▶ The data
• • • • • • •

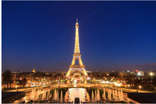
La tour Eiffel

Paris , surnommée la Ville Lumière , est une commune française, capitale de la France. Cette ville est construite sur une boucle de la Seine . Ses habitants sont appelés les Parisiens. Elle est connue dans le monde entier pour sa vie artistique et culturelle et est d'ailleurs la ville la plus visitée au monde. Paris est aussi un centre politique et économique majeur. Le maire de la commune actuellement est Anne Hidalgo. C'est la plus grande ville de France . Paris est également la commune la plus peuplée. La population de la ville de Paris est de 2 211 297 habitants en 2008 1 , mais 11,8 millions habitent dans son agglomération et ses alentours .
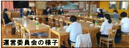
運営委員会の様子

• • • • • • •

▶ Activity
With the pictures excluded, restate the material exactly as it stands.

▶ The answer
La tour Eiffel

Paris , surnommée la Ville Lumière , est une commune française, capitale de la France. Cette ville est construite sur une boucle de la Seine . Ses habitants sont appelés les Parisiens. Elle est connue dans le monde entier pour sa vie artistique et culturelle et est d'ailleurs la ville la plus visitée au monde. Paris est aussi un centre politique et économique majeur. Le maire de la commune actuellement est Anne Hidalgo. C'est la plus grande ville de France . Paris est également la commune la plus peuplée. La population de la ville de Paris est de 2 211 297 habitants en 2008 1 , mais 11,8 millions habitent dans son agglomération et ses alentours .
運営委員会の様子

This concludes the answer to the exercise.